Only patients currently smoking or less than four weeks smoke-free were considered as active smokers. Patients were asked if they were able to reduce their smoking habits. Only a reduction of at least 50% of the number of cigarettes smoked directly before hospitalization was considered as a sufficient reduced consumption.

Nutrition

Food categories were decided to use to investigate the nutrition of the patients [19, 20]. The first category was about the fraction of vegetable products in the diet. The second one focused on fat acids and differentiated between the amount of mono – or polyunsaturated fat acids and the amount of saturated fat acids. The third one addressed the daily salt intake based on the World Health Organization (WHO) recommendations of 5 g or less per day [21].

Weight reduction

Patients with a Body-Mass-Index (BMI) ≥25 kg/m2 (based on WHO recommendations) at hospitalization were considered as overweighted and were asked if they were able to lose weight since the last consultation. A weight loss was considered as 1 kg or more.

Optimal pharmacological treatment

The OPT in symptomatic PAD patients includes the use of lipid-lowering drugs, antihypertensives (in case of an elevated blood pressure) and antithrombotic medication [12].

The prescription for all agents was investigated and additionally if patients took their medication regularly, irregularly, or not at all.

Exercise therapy

As part of conservative treatment of PAD and also in combination with surgical interventions [22, 23] SET is advised in PAD guidelines [10, 24, 25, 26, 27]. The guidelines also suggest a walking-based exercise program for patients with CLTI after revascularization therapy [10, 24]. Alternatively, if SET is not possible to attend, home-based exercise (HBE) should be considered [10].

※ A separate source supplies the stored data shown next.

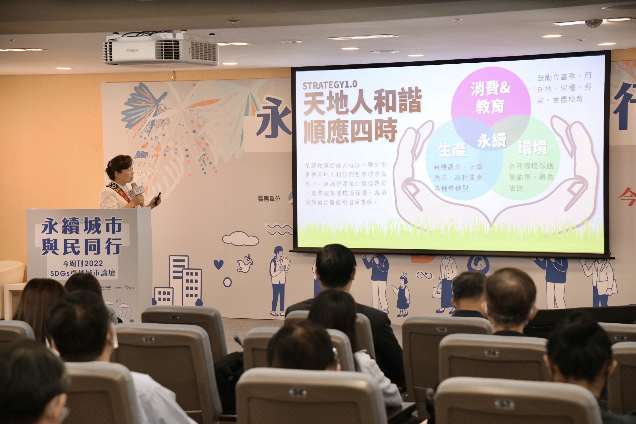 國發會高仙桂副主委高呼「Mission、Action、Passion」,受氣侯變遷及COVID-19疾病已逐步威脅到人類的生存及財產安全,加上社會人口邁向高齡老化問題,更突顯了永續議題發展的重要性。她表示非常榮幸受邀請參與此次論壇,根據聯合國統計全球有88個城市提出了自願檢視報告,台灣的6都22縣市也包含其中,呈現出台灣中央及地方政府皆積極將永續治理當作公共治理的新標竿,以具體的數據內容,向國際或國人展現台灣邁向永續發展的決心,是非常值得讚賞及驕傲的。也期望透過此次標竿各縣市的交流,激盪出更多力量,鏈結中央、地方及企業共識,讓熱忱得以擴散,一起帶動台灣邁向永續發展。
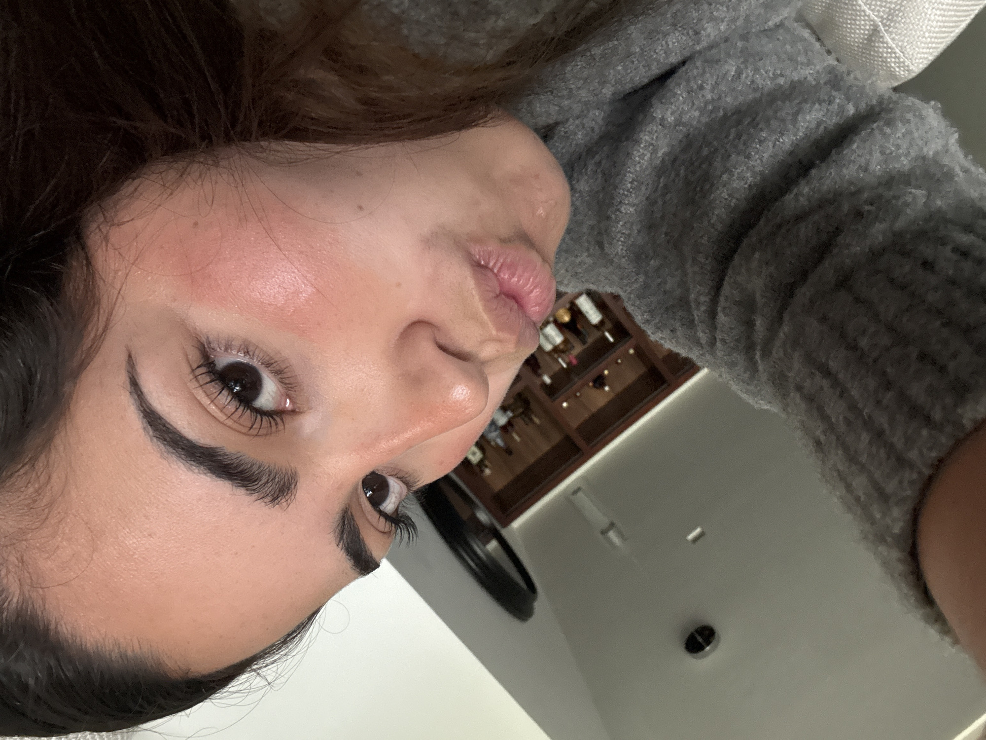 A woman with brown hair, fair skin, and dark eyebrows is looking at the camera with pursed lips. She is wearing a gray sweater. In the background, a dark wooden shelf with bottles and decorative items can be seen. The background also includes a white wall with a dark circular object, possibly a clock or mirror. The setting appears to be indoors. There is no evidence to place the scene within the city of San Bernardino Tlaxcalancingo, Mexico.
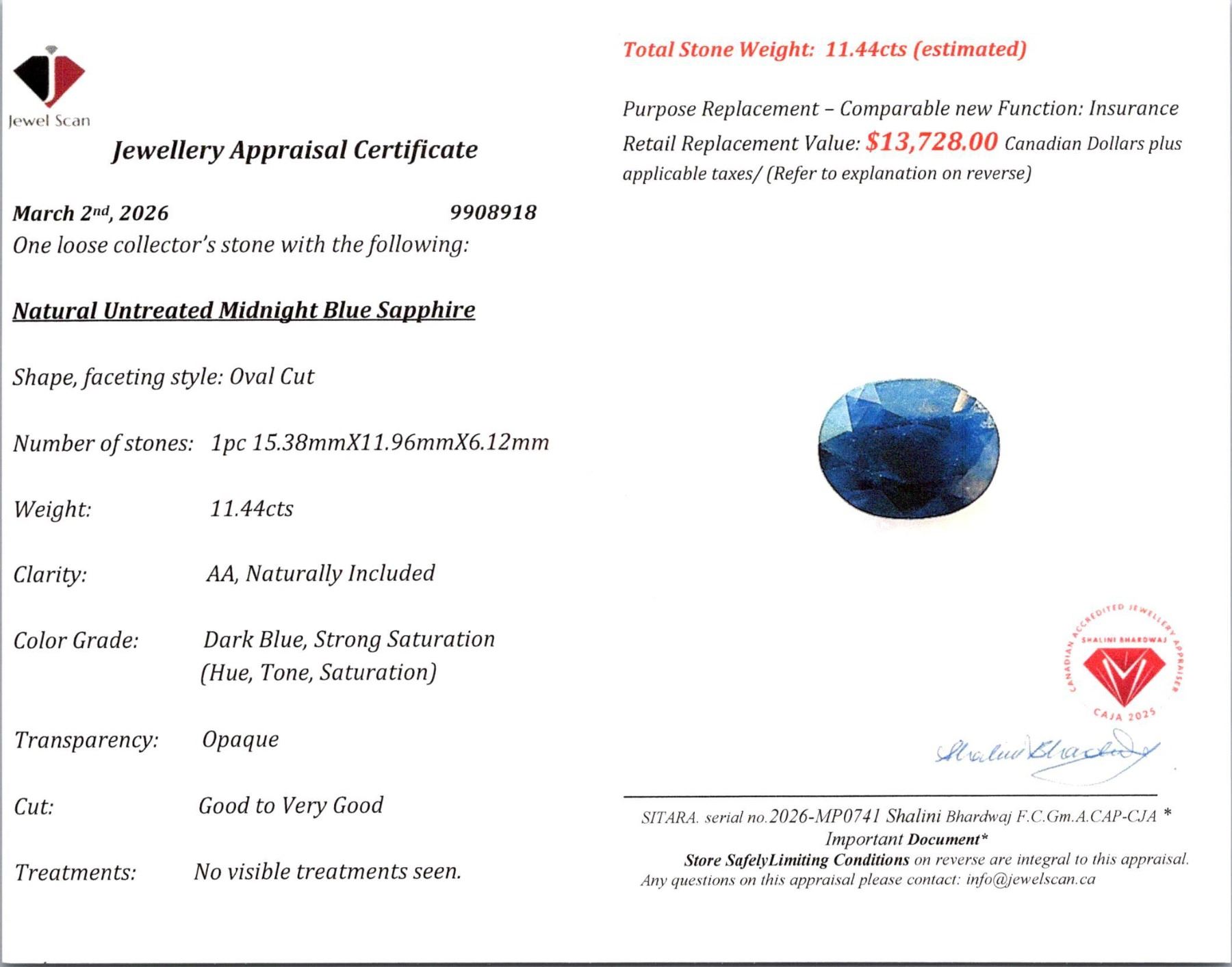 Lot 4047 *^11.44 ct Certified Midnight Blue Sapphire gemstone Untreated ($13,728 Appraisal)
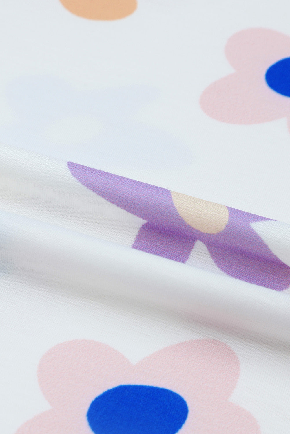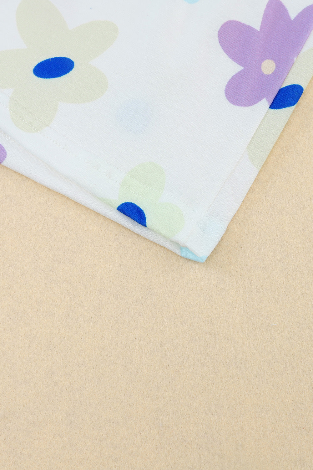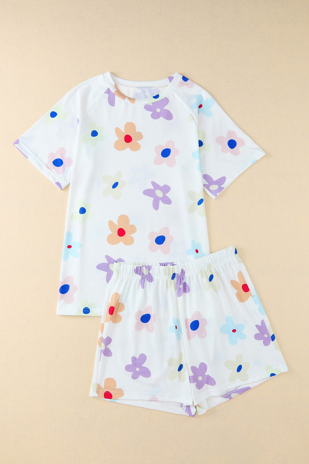 Pink Flower Print Short Sleeve High Waist Two Piece Shorts Set
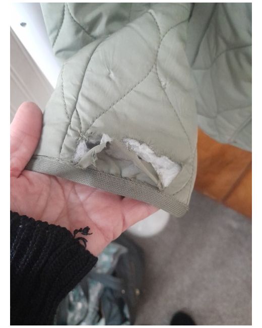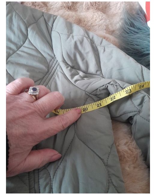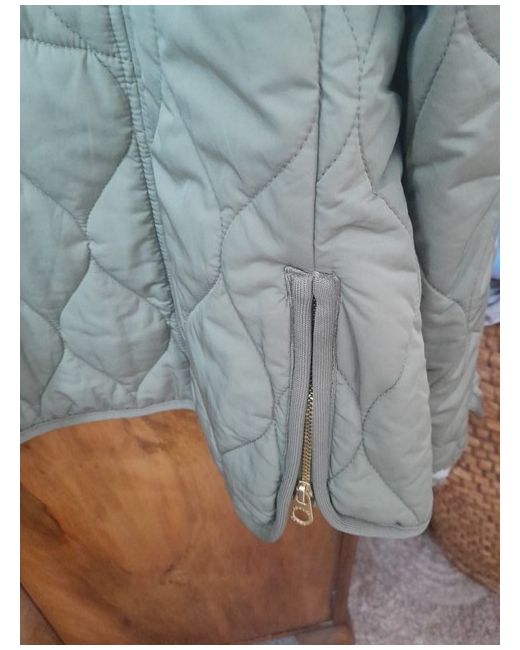 Lovely little jacket in soft olive green, lined in floral print. Pull adjustment on back. Nice shaping with round neckline and set shoulders. Zip to sides. Rounded hemline. Defect on cuff of one sleeve see pic, not too noticable if cuff is rolled back. Size 16 but id say its more of a 14 .
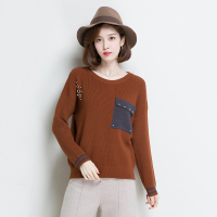 韩版拼色堆堆领套头衫修身显瘦打底毛衣棉线秋季新款女针织衫
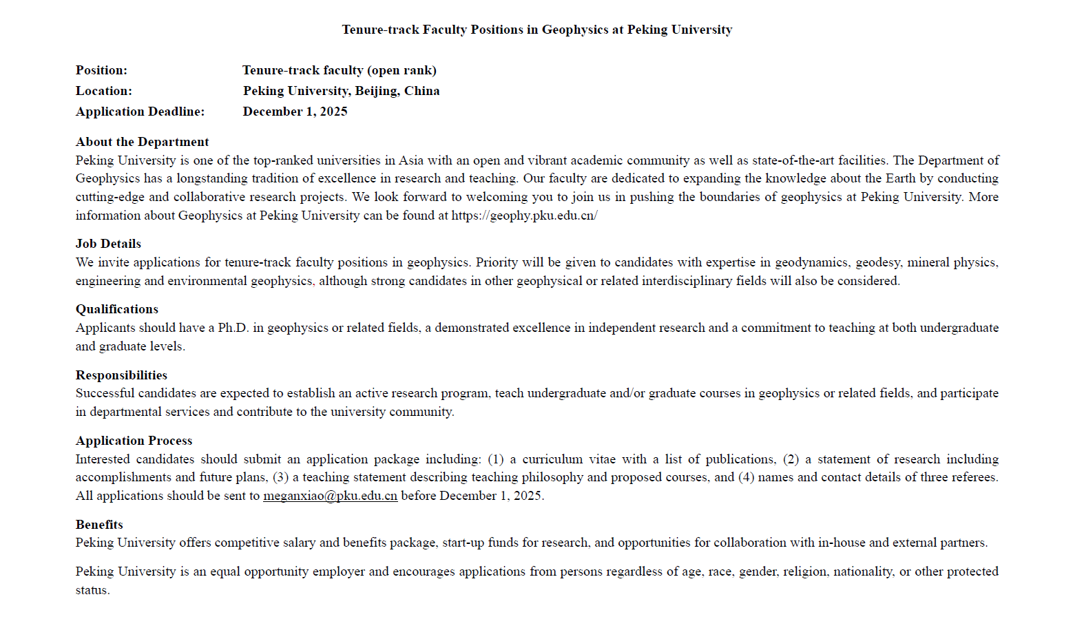 Tenure-track Faculty Positions in Geophysics at Peking University
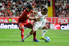 Aguascalientes, Aguascalientes, 21 de febrero de 2026. Paulinho (C), durante el partido correspondiente a la jornada 7 del torneo Clausura 2026 de la Liga BBVA MX, entre los Rayos del Necaxa y los Diablos Rojos del Toluca, realizado en el estadio Victoria. Foto: Imago7/ Rafael Vadillo
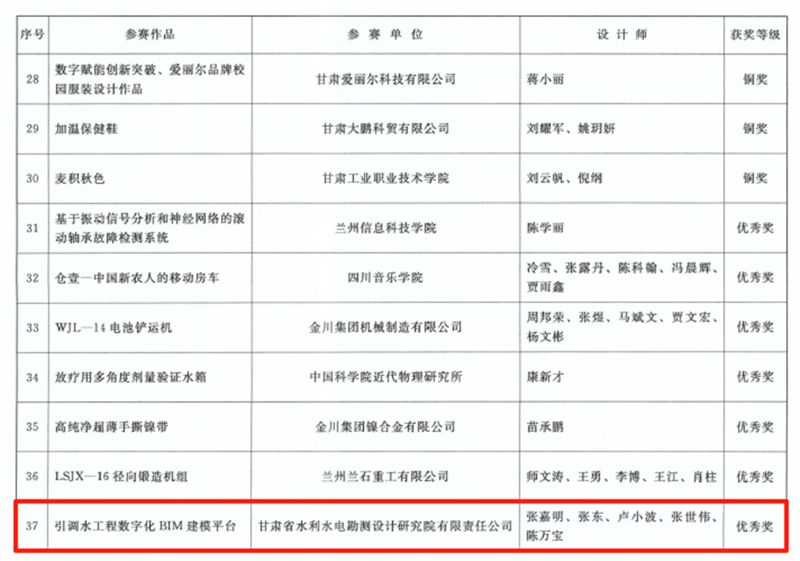在甘肅省第七屆BIM技術(shù)應(yīng)用大賽中,建筑設(shè)計(jì)院、水電設(shè)計(jì)院報(bào)送的項(xiàng)目共斬獲12項(xiàng)獎(jiǎng)勵(lì),包攬了設(shè)計(jì)組16個(gè)獎(jiǎng)項(xiàng)中的10項(xiàng)。在甘肅省第五屆“創(chuàng)新杯”工業(yè)設(shè)計(jì)大賽中,水電設(shè)計(jì)院《引調(diào)水工程數(shù)字化BIM建模平臺(tái)》項(xiàng)目獲優(yōu)秀獎(jiǎng)。在第十七屆全省職工優(yōu)秀技術(shù)創(chuàng)新成果獎(jiǎng)中,水電設(shè)計(jì)院、土木工程院申報(bào)的兩個(gè)項(xiàng)目分獲創(chuàng)新成果獎(jiǎng)三等獎(jiǎng),其中,《棄渣場三維設(shè)計(jì)平臺(tái)》項(xiàng)目是全省水利系統(tǒng)唯一獲獎(jiǎng)成果。
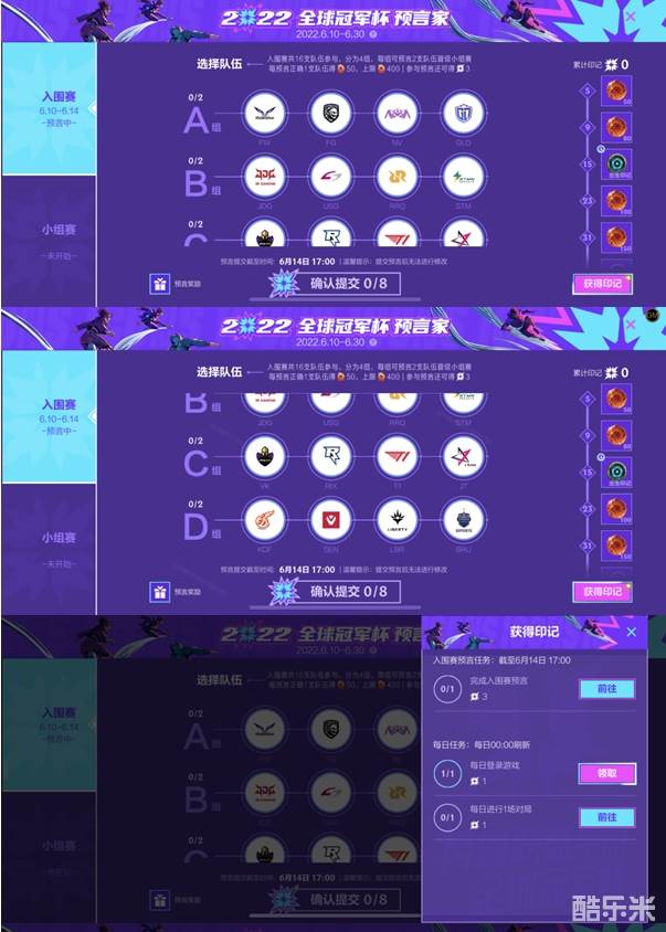 1. 小组赛预言将在入围赛预言奖励结算后开启,于6.21 17:00截止。
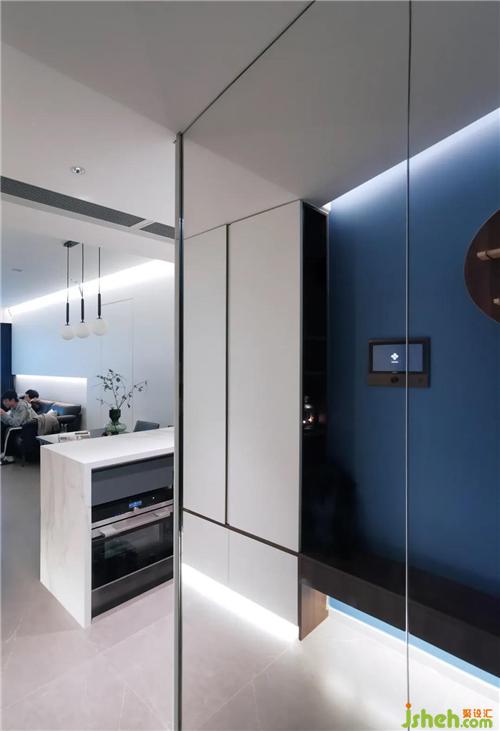 玄關(guān)之內(nèi),一墻銀鏡,反射出雙倍的線性光。裝修設(shè)計(jì)復(fù)行十步,豁然開朗,這是生活的明度。

In the consultations patients were asked if they attended SET or if not possible HBE. Training had to fulfill the recommendations of the German national S3-Guideline (at least 30 minutes, at least three times a week) to be sufficient [27].

Diabetes mellitus

As part of the BMT, glycemic control in PAD patients is recommended in the guidelines [10, 25, 27]. Patients undergoing pharmacological diabetic treatment were checked whether they took their medication as prescribed.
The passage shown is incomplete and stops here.